Thank you, Rod. Very well done. And Marvin, thank you, from me, and those that came before me and all of the things that you did for Oceaneering, they were wonderful. I will now call on the Inspector to summarize the report on this voting.

Unknown Attendee

attendee
#5

Thank you, Mr. Chairman. I have tabulated the votes and can deliver a preliminary report as follows: Each of the candidates for election as the Class I Director has been duly elected to a new term of the Board. In addition, each of the other proposals presented to a vote at this meeting has received the affirmative vote of the holders of more than the number of shares required to adopt those proposals, in accordance with the company's bylaws.

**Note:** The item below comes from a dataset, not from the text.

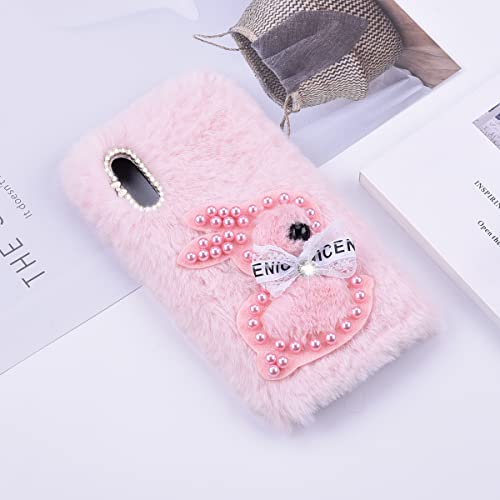 YKTO Custodia per peluche Coniglietta per XiaomiMi A3 Custodia per Telefono Ragazza Coniglio con Diamanti Glitter Comoda Custodia per Telefono in Finta Peluche XiaomiMi A3,Coniglio Rosa Perla

Accordingly, each of those proposals has been duly adopted.

John Huff

executive
#6

I request that the final report of Inspector of Elections be filed with the records of this meeting. Final results will also be included in the current report on Form 8-K that will be filed with the SEC following the meeting. You have now heard the results of the voting, and this does completes the formal business to be conducted by the meeting. The 2020 Annual Meeting of Shareholders is now adjourned. Thank you for your meeting and for your interest in Oceaneering.

Operator

operator
#7

Thank you, ladies and gentlemen. This does conclude today's meeting. You may disconnect your phone lines at this time, and have a wonderful day. Thank you for your participation.